Why Expertise Has Nothing To Do With Your Title With Sarah Whittle

What if the skills you've built across your entire career were never really tied to a job title, but to the way you think? In this episode, Nikki Ramirez sits down with Sarah Whittle, a creative strategist and “bridge builder” whose career has spanned traditional television, creator-led brands, and major companies like Crocs and Duolingo. Sarah has helped generate billions of views, led high-performing social teams, and built viral campaigns across platforms that constantly evolve. Now, she’s stepping into her next chapter with her own venture, Unicorn Social, where she’s applying everything she’s learned about content, distribution, and the creator economy. Together, they unpack what actually drives virality, why journalism skills still matter in modern marketing, and why “social media” is really just engagement media in disguise.

Listen to the podcast:

Below are key insights and actionable takeaways from our conversation.

Key Takeaways

Journalism Skills Still Run the Internet
Sarah highlights how fundamentals like the inverted pyramid, putting the most important information first, still shape how viral content is structured today.

Titles Don’t Define Expertise
Across her career, Sarah explains that job titles rarely captured her full skill set. Real expertise shows up in execution, not labels.

Great Ideas Live at the Intersection of Three Things
The best ideas sit where strategy, feasibility, and personal excitement overlap. That “sweet spot” is where impactful content is born.

Virality Isn’t a Process—It’s a Pattern You Learn to Recognize
Many creators don’t follow rigid systems. Instead, they identify what resonates and evolve it quickly.

Social Media Is Really Engagement Media
Success isn’t just about posting content, it’s about understanding what drives saves, shares, comments, and real interaction.

Creators Are Still Figuring It Out
Behind viral content is often experimentation, not perfection. The creator economy is still evolving in real time.

Quotes from Sarah:

“The inverted pyramid is still how I think about every piece of content.”

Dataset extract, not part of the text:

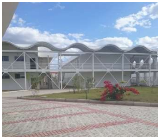
Figura 2: Blocos das salas de aula do campus.

O acesso às salas de aula possui um quantitativo considerável de obstáculos que dificultam a livre circulação dos alunos cegos na instituição, uma vez que nos locais que deveriam possuir rotas de interligação como um corredor, por exemplo, existem escadas suspensas junto à estrutura de ferro com colunas verticais e horizontais, dificultando a locomoção dos alunos em questão, podendo resultar, inclusive, em acidentes graves para estes alunos, conforme verifica-se na Figura 2.

“Social media isn’t social media it’s engagement media.”

“Virality came from finding fire and expanding it, not from process.”

“I like to say I’m a bridge builder between data and creativity.”

“Titles never really felt like they encompassed my expertise.”

Looking Ahead

Sarah’s Advice for Navigating Digital Marketing & the Creator Economy is;

1. Your title doesn’t define your expertise

What matters more is how you think, solve problems, and connect ideas, not the label on your role.

2. Great work sits at the intersection of three things

Strategy, execution, and creativity. When all three overlap, that’s where the strongest ideas come to life.

3. Constraints can improve creativity

Limited time, budget, or resources aren’t blockers, they often force better, more focused ideas.

4. Virality is pattern recognition, not luck

Instead of chasing viral moments, focus on learning what consistently resonates and why.

5. Engagement matters more than posting

Content only works when it drives interaction, saves, shares, comments, and real attention.

6. Careers in digital media are meant to evolve

There’s no single path. Growth often looks like shifting, expanding, and reinventing, not staying fixed.